Holliday hosts golf tourney for Pujols' foundation
ST. LOUIS -- Matt Holliday doesn't want anything to do with playing golf at this point in his life.
"I just don't have time for it," the Cardinals' left fielder said. "I have four kids and enough frustration trying to hit a baseball."
But Holliday has no problem being the face of the Pujols Family Foundation Golf Tournament. He and his wife, Leslee, hosted the event for the third consecutive year Monday at Meadowbrook Country Club.
It's a tradition they've been happy to carry on since Albert Pujols, the tournament's namesake, signed with the Angels before the 2012 season. The Pujols Family Foundation meets the needs of families with children who have Down Syndrome, and the foundation is also active in the Dominican Republic.
"It's a great organization, and Albert's a great friend, and [Albert's wife and foundation president] Deidre," Holliday said. "They're great people and do great things, so it's easy for us."
Even after Sunday night's 4-1 win over the Cubs that concluded after midnight CT, Mark Reynolds, Lance Lynn and Adam Wainwright made it to the event -- though Reynolds was the only one of the three who participated as a golfer.

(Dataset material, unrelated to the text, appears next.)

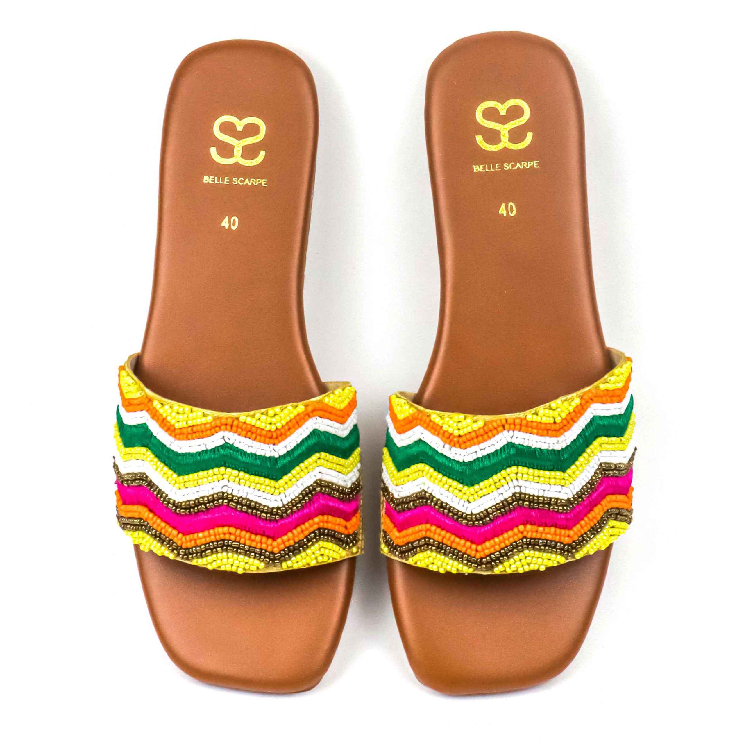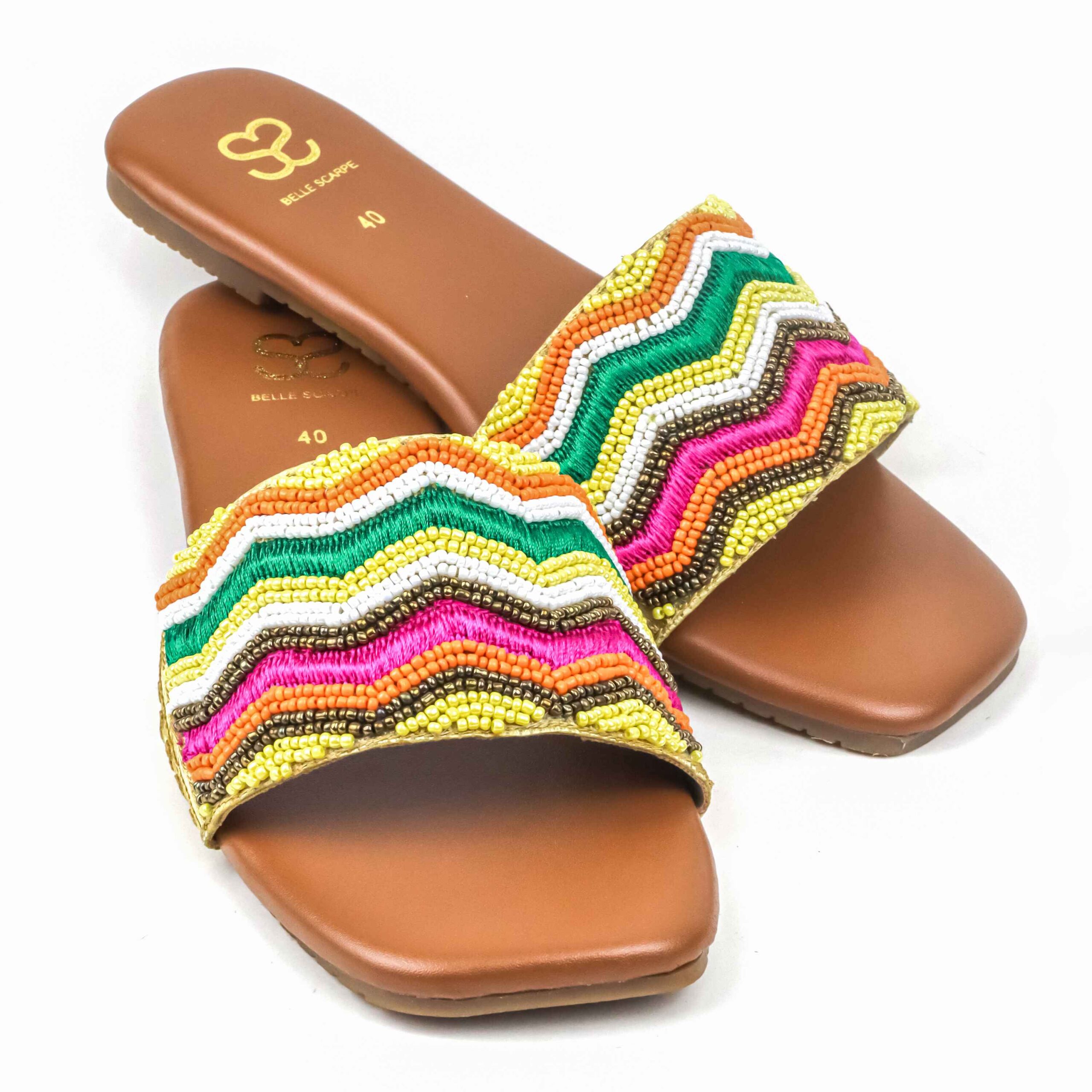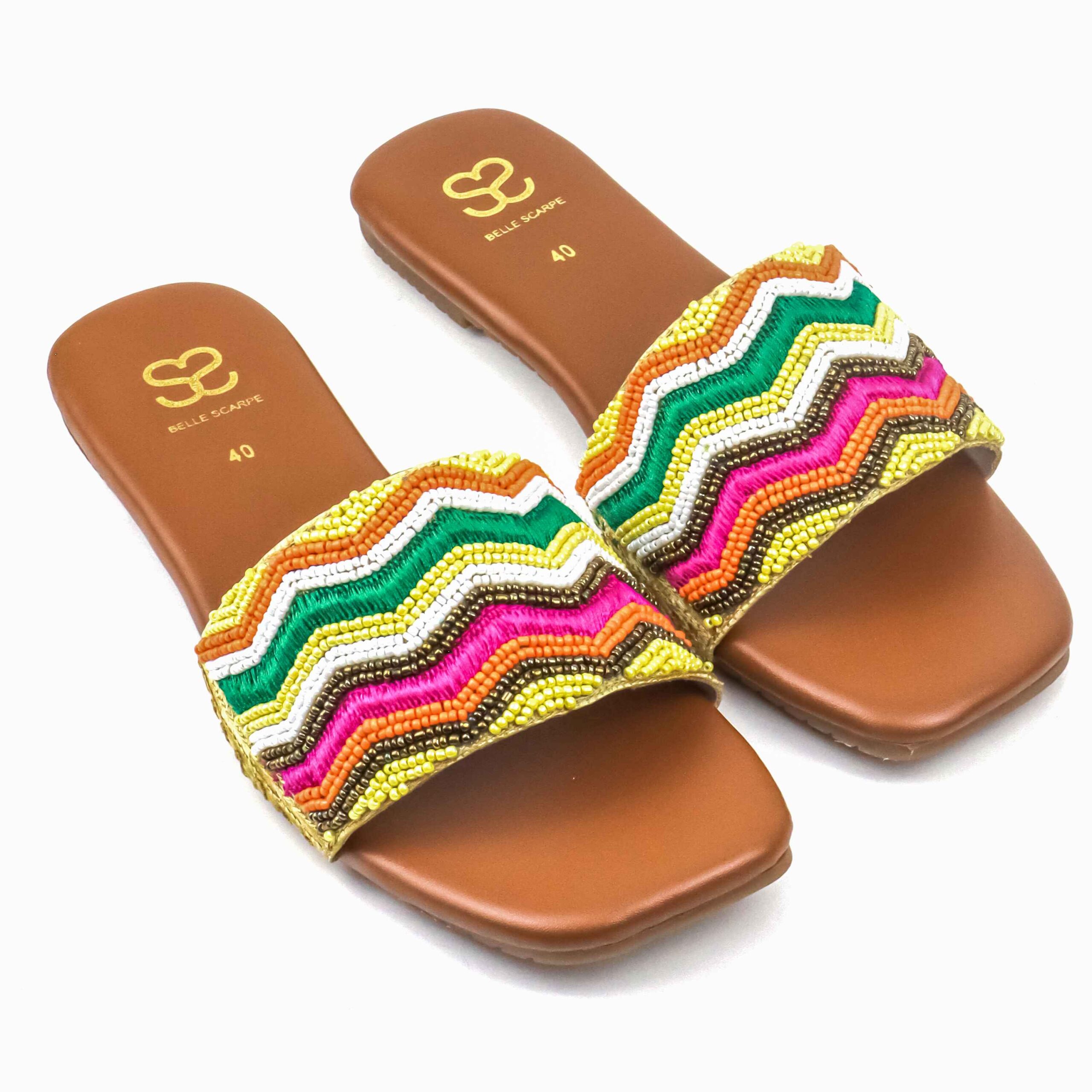 Cocktail: A symphony of chromaticity and texture. Hand embroidery and beads work dance across fine leather, evoking the vibrant hues and playful spirit of a refreshing cocktail. The multicolored zig-zag lining adds a touch of elegance, making this slider a true masterpiece.

Manager Mike Matheny and former manager Tony La Russa were also present.
"It's the easiest decision you make all year," said La Russa of his decision to attend.
"I remember when they [Albert and Deidre] were thinking about putting it together, and I said, 'Well, the idea is nice.' But really following through, they've been amazing," La Russa said.
Todd Perry, the foundation's executive director, was on hand Monday, and he took a moment to reflect on its humble beginnings out of his home in 2005 and how far it has come since then.
"The fact that Albert plays for another team, it's insignificant really to the mission of the foundation and the people we serve, the Down Syndrome community, the people who understand global poverty," Perry said. "The people who come out today understand that side of the mission. It's great that we do have baseball players, but it's not why we do what we do."